Develop Your Business Radar - Recommendations By IMA and ACCA

In the Institute of Management Accountants (IMA) Accountancy Futures Academy, a best practices document. The Accountancy Futures Academy contributes to the Association of Chartered Certified Accountant's (ACCA’s) program of research and insights with powerful visions of the future. It provides a platform to look forward, to tune into the emerging trends and discussions in the global business and policy spheres and the latest reforms facing the world of finance.

By looking to the future it helps the accountancy and finance professions stay at the cutting edge. The Academy’s work fosters fresh thinking and innovative discussions, identifies the barriers to and facilitators of tomorrow’s successes, and identifies the potential strategies that will enable business and finance to navigate the choppy waters that lie ahead.

The FCCA Executive Chairman, Ng Boon Yew, says "This report thoroughly examines the key factors that ACCA and IMA members should be thinking about to prepare for future opportunities and challenges over the next 5–10 years. In so doing, it identifies 100 emerging drivers of change that directly or indirectly impact business and the accountancy profession. Additionally, it provides a number of future scenarios for the profession while sketching out the ‘must do’s’ for them to be successful over the next decade.

Although the report is from 2012, the three key recommendations that jump out at us are as follows:

1.) Assume and plan for business volatility and turbulence.

2.) Develop your business radar.

3.) Focus on the holistic view of complexity, risk and performance.

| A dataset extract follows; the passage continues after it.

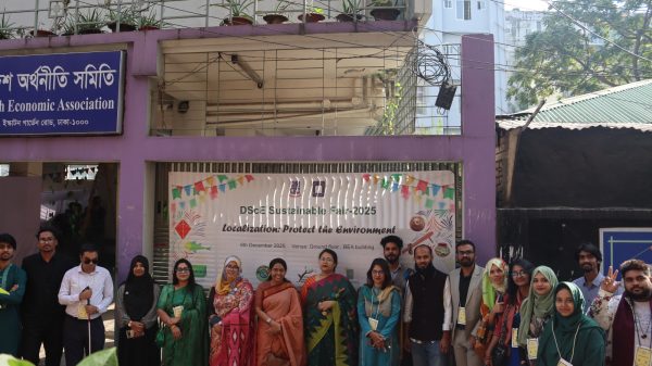 জাকারিয়া মোহাম্মদ ইমনইনস্টিটিউ অব ওউএলবীইং বাংলাদেশ প্রতিনিধি ঢাকা বিশ্ববিদ্যালয়ের ইনস্টিটিউশন স্কুল অব ইকনোমিক্স-এর পরিবেশ ও সম্পদ অর্থনীতি বিভাগের এনভায়রনমেন্ট ক্লাব ৬ ডিসেম্বর ২০২৫ তারিখে বিশ্ববিদ্যালয় ক্যাম্পাসে আয়োজন করে দিনব্যাপী “সাসটেইনেবল

These three suggestions are, at first glance, a bit problematic. How should we ramp up our abilities to meet these needs? This is where technology comes into play. Predictive Risk Analytics for complexity management is an ideal way to address all three of these suggestions in parallel. What we recommend is developing a charter document that drives these suggestions into an actual proof of concept. Then, your firm can start to educate your organization while you obtain real world experience. The amazing thing about trials of this type are the unexpected discoveries that take place. One example is when you assess an ERP data set. Many discoveries are made that make you realize that it is very possible to have your own business radar that allows managers to assess infrastructure complexity, risk and performance. What the organization does with these discoveries are the next challenge. But by identifying potential complexity issues, you have made a huge step forward! Risk mitigation strategies can then be built and acted upon.